Rivastigmine (sold under the trade name Exelon) is a parasympathomimetic or cholinergic agent for the treatment of mild to moderate dementia of the Alzheimer’s type and dementia due to Parkinson's disease. The drug can be administered orally or via a transdermal patch; the latter form reduces the prevalence of side effects,[2] which typically include nausea and vomiting.[3] The drug is eliminated through the urine, and appears to have relatively few drug-drug interactions.[3]

History

Rivastigmine was developed by Marta Weinstock-Rosin of the Department of Pharmacology, at the Hebrew University of Jerusalem[4] and sold to Novartis by Yissum for commercial development.(It is a semi-synthetic derivative of physostigmine)[5] It has been available in capsule and liquid formulations since 1997.[6] In 2006, it became the first product approved globally for the treatment of mild to moderate dementia associated with Parkinson's disease;[7] and in 2007 the rivastigmine transdermal patch became the first patch treatment for dementia.

Administration

Rivastigmine tartrate is a white to off-white, fine crystalline powder that is both lipophilic (soluble in fats) and hydrophilic (soluble in water). Like other cholinesterase inhibitors, it requires doses to be increased gradually over several weeks; this is usually referred to as the titration phase.[3] Oral doses of rivastigmine should be titrated with a 3 mg per day increment every 2 to 4 weeks.

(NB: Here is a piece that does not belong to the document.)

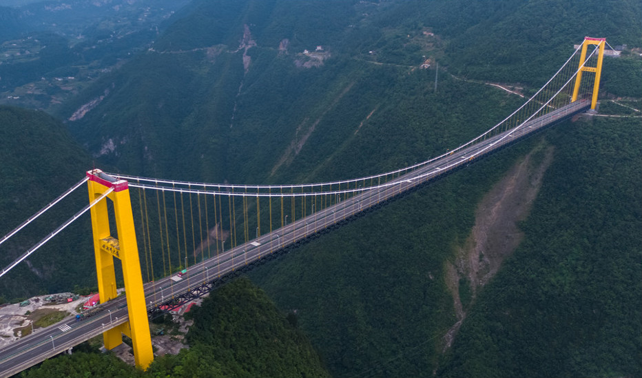 四渡河大桥地处湖北宜昌与恩施交界处,位于湖北巴东县野三关镇四渡河,是沪渝高速公路控制性桥梁工程,是目前中国在深山峡谷里修建的全球最长悬索桥。

Rivastigmine is classified as pregnancy category B, with insufficient data on risks associated with breastfeeding. In cases of overdose, atropine is used to reverse bradycardia. Dialysis is ineffective due to the drug's half-life.

Pharmacodynamics

Rivastigmine, an acetylcholinesterase inhibitor, inhibits both butyrylcholinesterase and acetylcholinesterase (unlike donepezil, which selectively inhibits acetylcholinesterase). It is thought to work by inhibiting these cholinesterase enzymes, which would otherwise break down the brain neurotransmitter acetylcholine.[8]

Indication

The U.S. Food and Drug Administration has approved rivastigmine capsules and patches for the treatment of mild to moderate dementia of the Alzheimer’s type and for mild to moderate dementia related to Parkinson's disease. It has been used in more than 6 million patients worldwide.[citation needed]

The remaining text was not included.